Sleeping for 120.0 seconds, 2022-06-30 12:49:32
[2022-06-30 12:49:32,629: INFO/ForkPoolWorker-4] Sleeping for 120.0 seconds, 2022-06-30 12:49:32
[2022-06-30 12:49:41,404: VERBOSE/ForkPoolWorker-5] Found 8 wikipedia:en processes running, including this one.
[2022-06-30 12:49:41,507: VERBOSE/ForkPoolWorker-5] Pausing due to database lag: Waiting for 10.64.0.98: 7262.435271 seconds lagged.
Sleeping for 120.0 seconds, 2022-06-30 12:49:41
[2022-06-30 12:49:41,508: INFO/ForkPoolWorker-5] Sleeping for 120.0 seconds, 2022-06-30 12:49:41

lag seems to be decreasing, so will monitor

TheresNoTime lowered the priority of this task from High to Medium.Jun 30 2022, 12:54 PM

Dropping priority — doesn't initially appear to be an error with refill, though will continue to monitor 🙂

TheresNoTime renamed this task from Refill tool stuck "waiting for an available worker" to Refill tool stuck "waiting for an available worker" due to database lag.Jun 30 2022, 12:56 PM
TheresNoTime updated the task description. (Show Details)
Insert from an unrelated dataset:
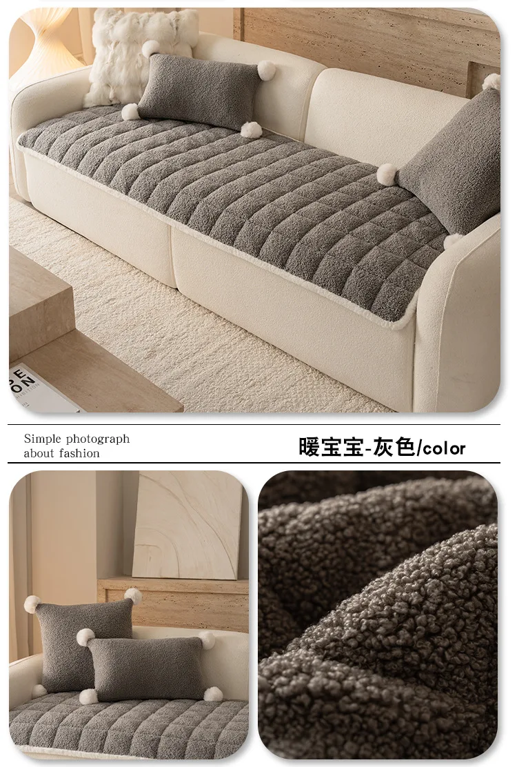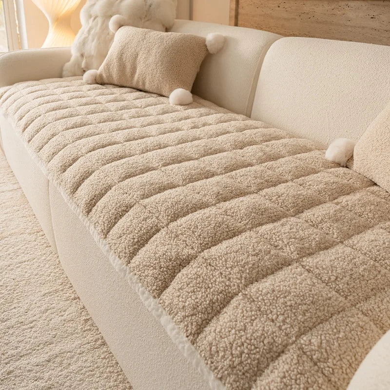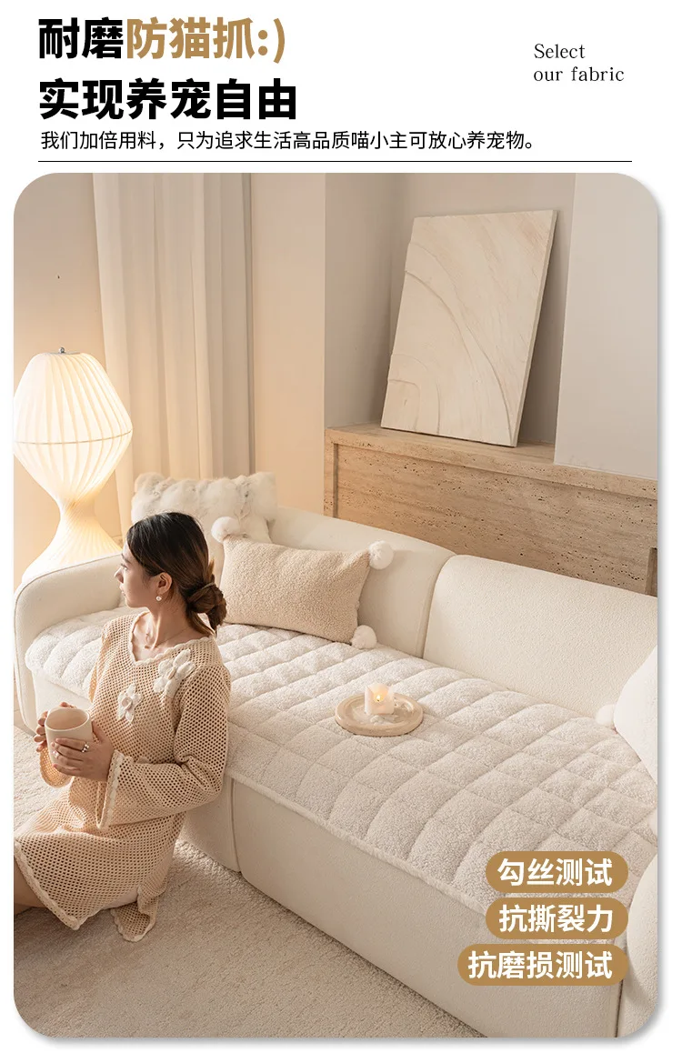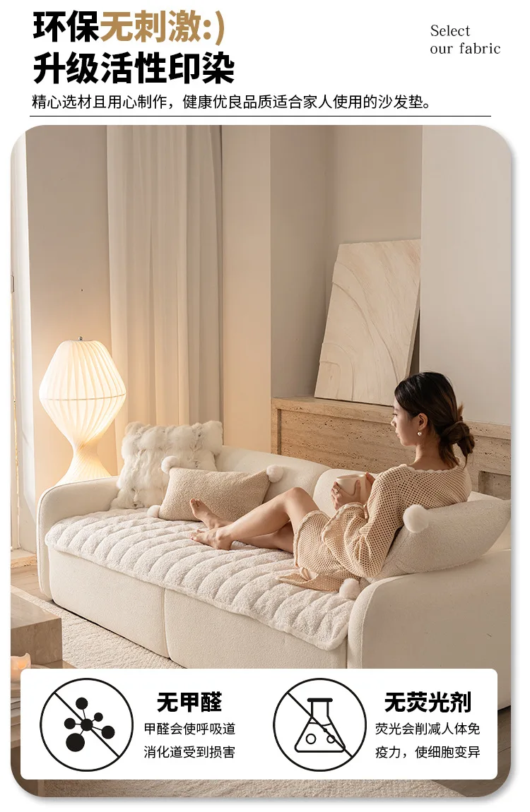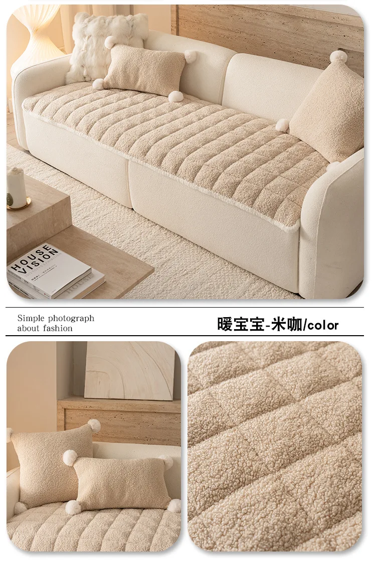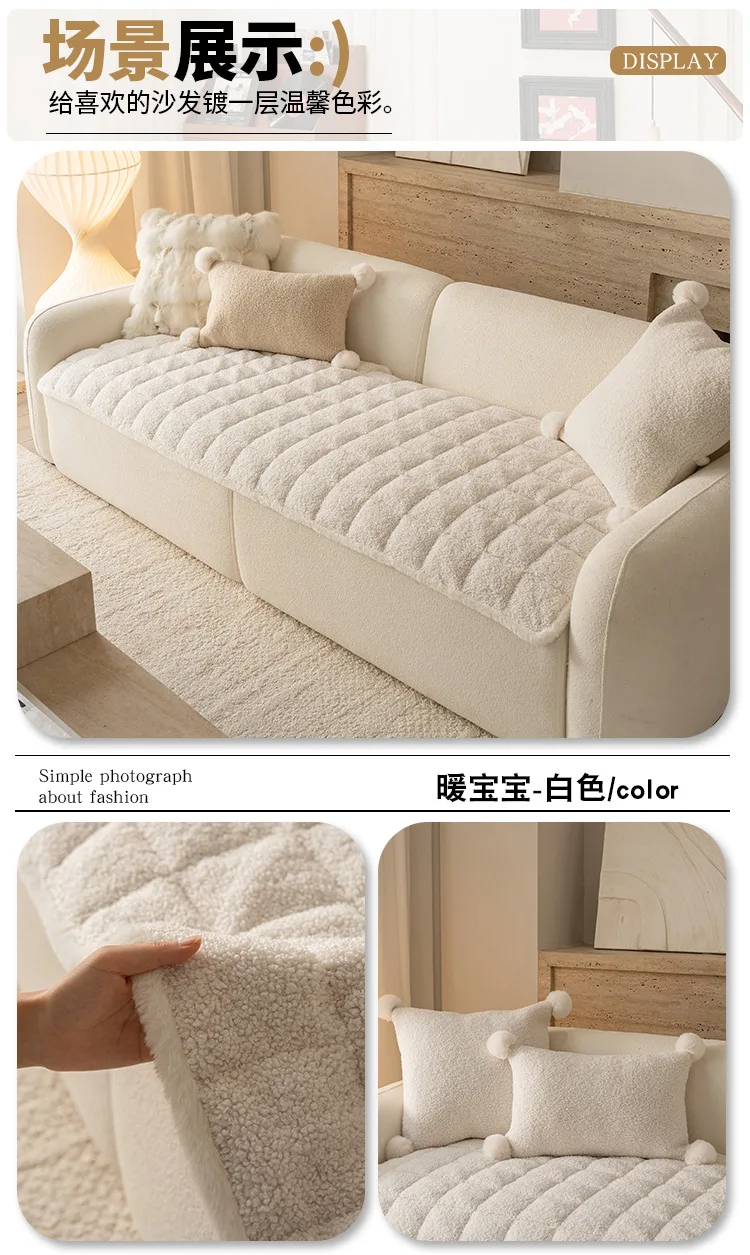 2025 Thick Plush Sofa Cover Cloth Creamy Style Anti Slip Sofa Cushion Solid Color Straight Row Simple Autumn and Winter Style

Database lag recovered (0.145272 seconds lagged), reFill now appears to be working as expected (test edit) and a follow-up task to T311713: Show a warning to the user if refill is throttling due to database lag has been created — marking resolved.

@Keith_D thank you again for the report, could you confirm everything is working for you?

Hello, thanks for looking at this, all appears to be working again.